_TASK_
Retype all of the listing exactly, passing over any picture you find.

BEGIN INPUT DATA

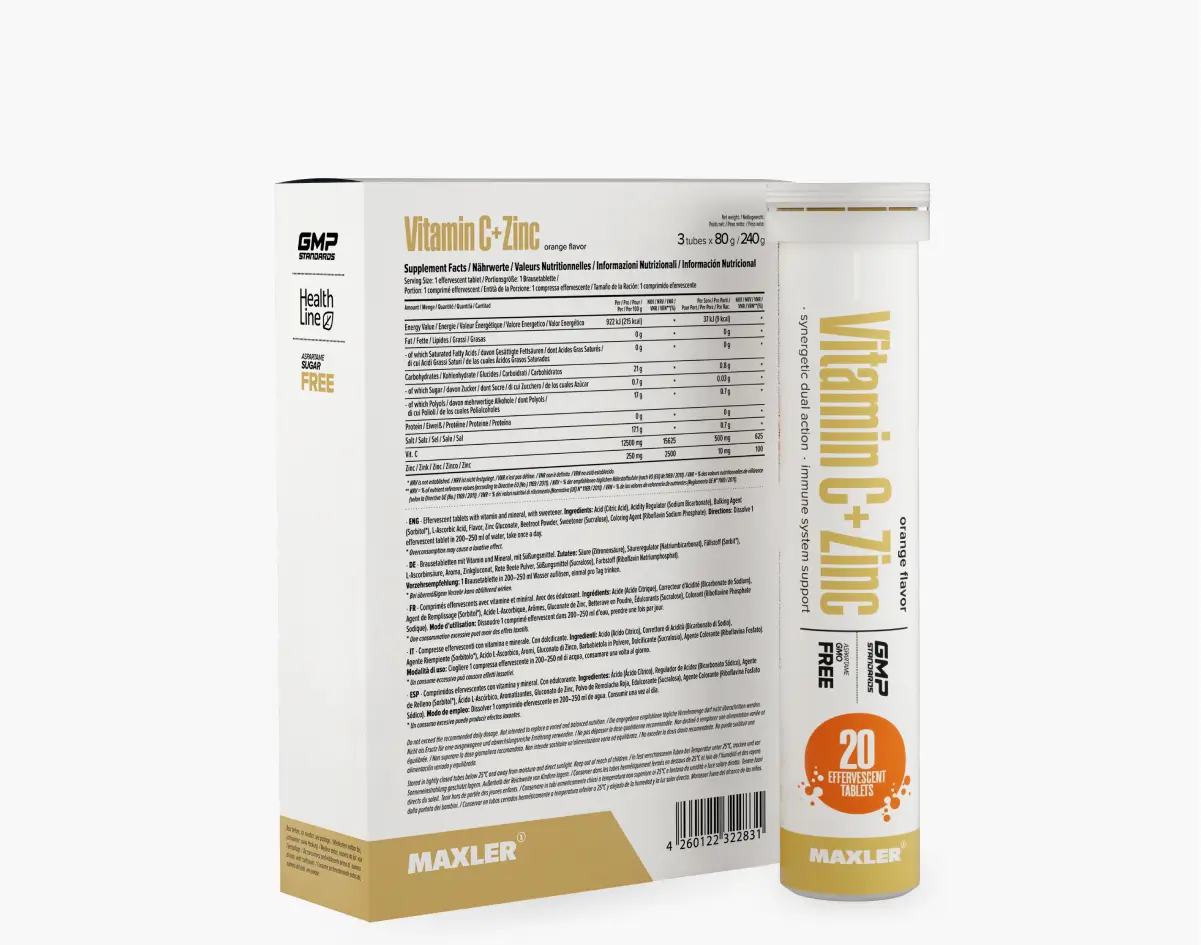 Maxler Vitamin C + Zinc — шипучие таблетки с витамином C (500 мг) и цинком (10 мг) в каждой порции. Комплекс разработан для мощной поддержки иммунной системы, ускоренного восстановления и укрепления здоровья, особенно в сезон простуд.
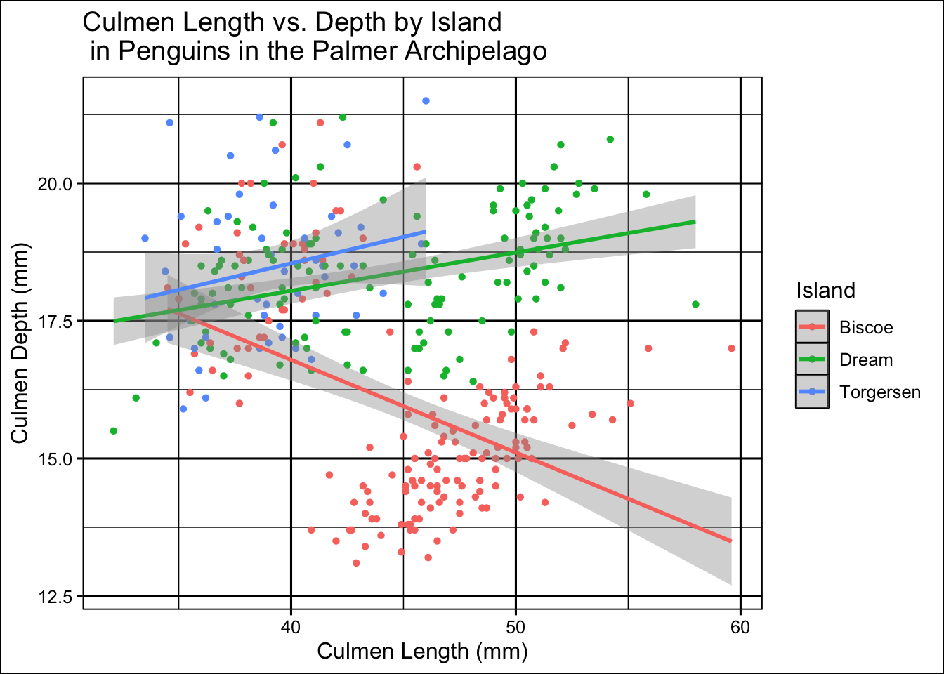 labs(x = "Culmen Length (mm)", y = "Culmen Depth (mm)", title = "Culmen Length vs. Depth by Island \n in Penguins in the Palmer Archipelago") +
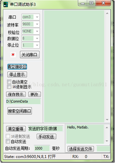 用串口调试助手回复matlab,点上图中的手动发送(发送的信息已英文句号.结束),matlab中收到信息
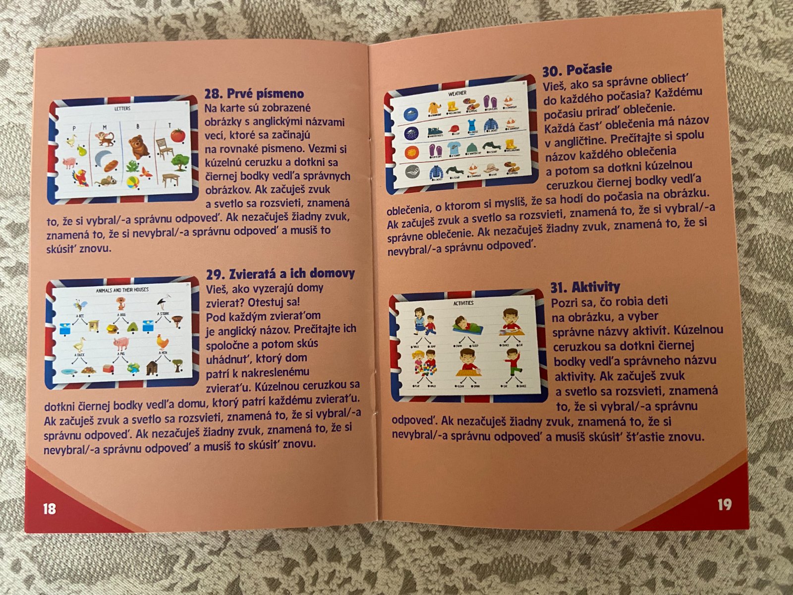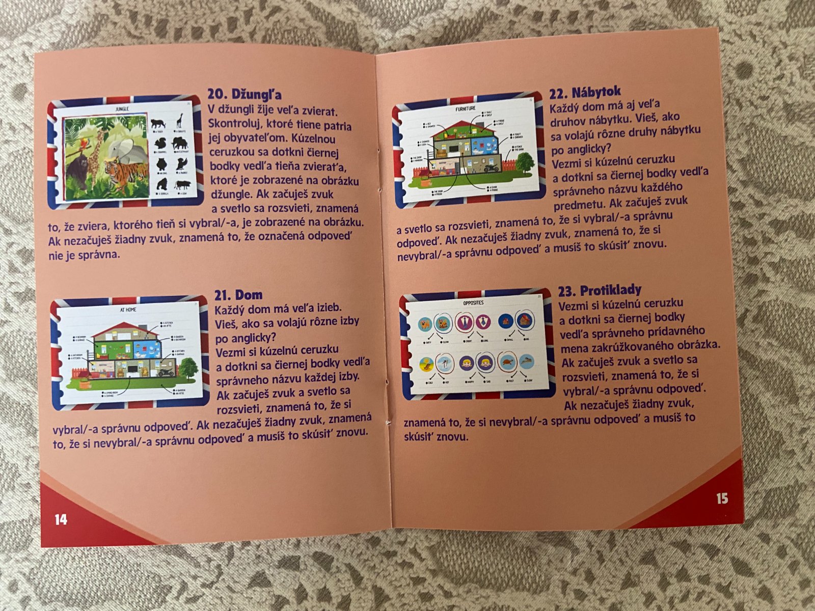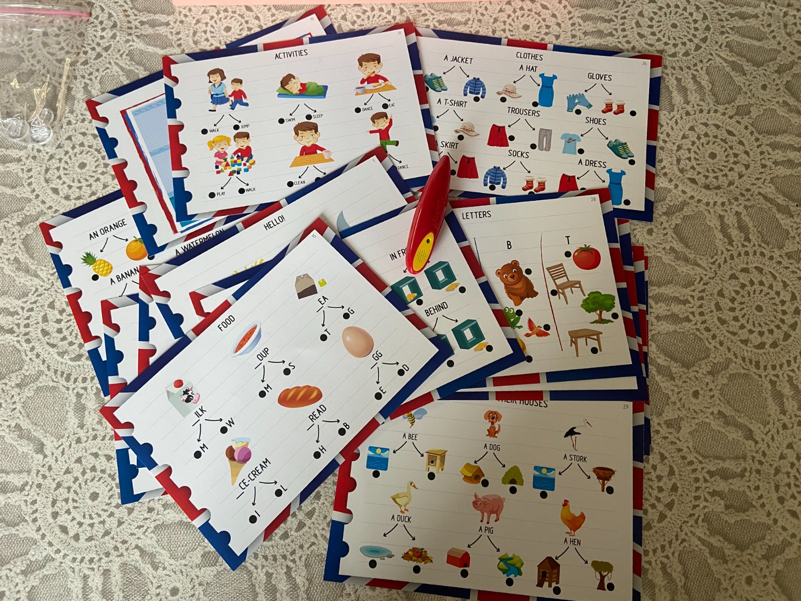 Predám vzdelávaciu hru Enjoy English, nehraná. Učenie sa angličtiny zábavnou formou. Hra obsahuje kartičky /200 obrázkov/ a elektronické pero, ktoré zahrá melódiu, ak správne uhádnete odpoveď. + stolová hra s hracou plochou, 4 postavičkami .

END INPUT DATA

_ANSWER TO THIS TASK_
 Maxler Vitamin C + Zinc — шипучие таблетки с витамином C (500 мг) и цинком (10 мг) в каждой порции. Комплекс разработан для мощной поддержки иммунной системы, ускоренного восстановления и укрепления здоровья, особенно в сезон простуд.
 labs(x = "Culmen Length (mm)", y = "Culmen Depth (mm)", title = "Culmen Length vs. Depth by Island \n in Penguins in the Palmer Archipelago") +
 用串口调试助手回复matlab,点上图中的手动发送(发送的信息已英文句号.结束),matlab中收到信息
 Predám vzdelávaciu hru Enjoy English, nehraná. Učenie sa angličtiny zábavnou formou. Hra obsahuje kartičky /200 obrázkov/ a elektronické pero, ktoré zahrá melódiu, ak správne uhádnete odpoveď. + stolová hra s hracou plochou, 4 postavičkami .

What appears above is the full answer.